__Records for processing__
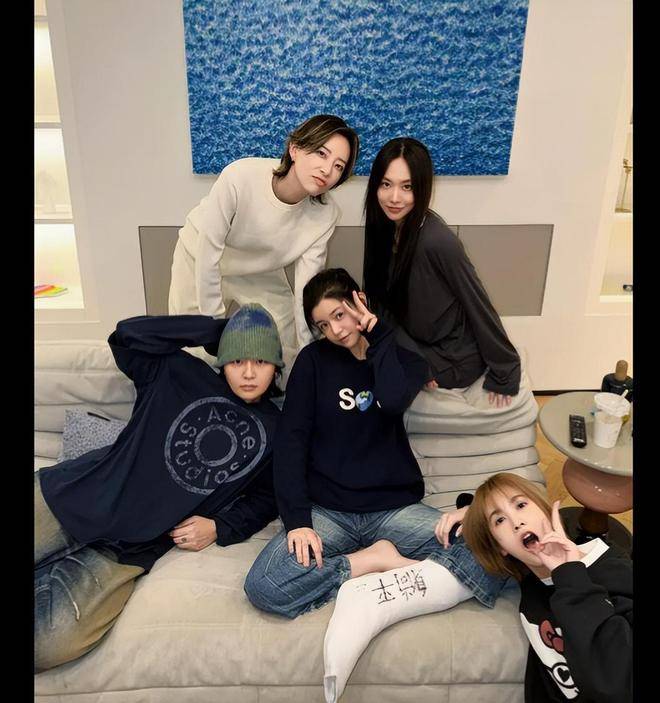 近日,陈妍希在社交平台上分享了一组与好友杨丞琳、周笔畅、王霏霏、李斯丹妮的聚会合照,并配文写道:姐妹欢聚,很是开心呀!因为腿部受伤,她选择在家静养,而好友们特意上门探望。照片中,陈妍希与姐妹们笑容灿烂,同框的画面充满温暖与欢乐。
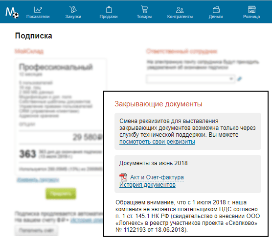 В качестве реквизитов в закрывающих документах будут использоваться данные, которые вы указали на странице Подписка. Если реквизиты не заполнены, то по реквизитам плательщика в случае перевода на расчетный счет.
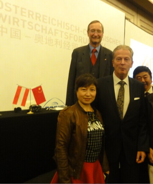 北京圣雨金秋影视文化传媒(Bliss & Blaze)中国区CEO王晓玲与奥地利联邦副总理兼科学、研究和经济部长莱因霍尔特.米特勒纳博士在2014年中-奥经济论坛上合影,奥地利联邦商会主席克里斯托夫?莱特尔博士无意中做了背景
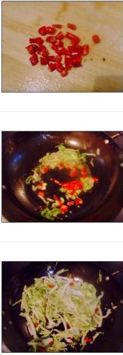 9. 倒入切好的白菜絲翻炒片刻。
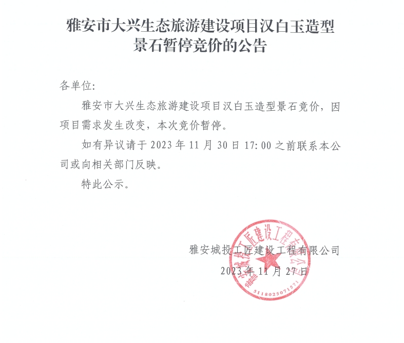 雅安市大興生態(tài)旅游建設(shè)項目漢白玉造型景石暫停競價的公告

__What is required__
Leave out the pictures, and retype exactly the lines from the one containing "9. 倒入切好的白菜絲翻炒片刻。" through the last line of the data above, no more and no less.

__Answer box__
 9. 倒入切好的白菜絲翻炒片刻。
 雅安市大興生態(tài)旅游建設(shè)項目漢白玉造型景石暫停競價的公告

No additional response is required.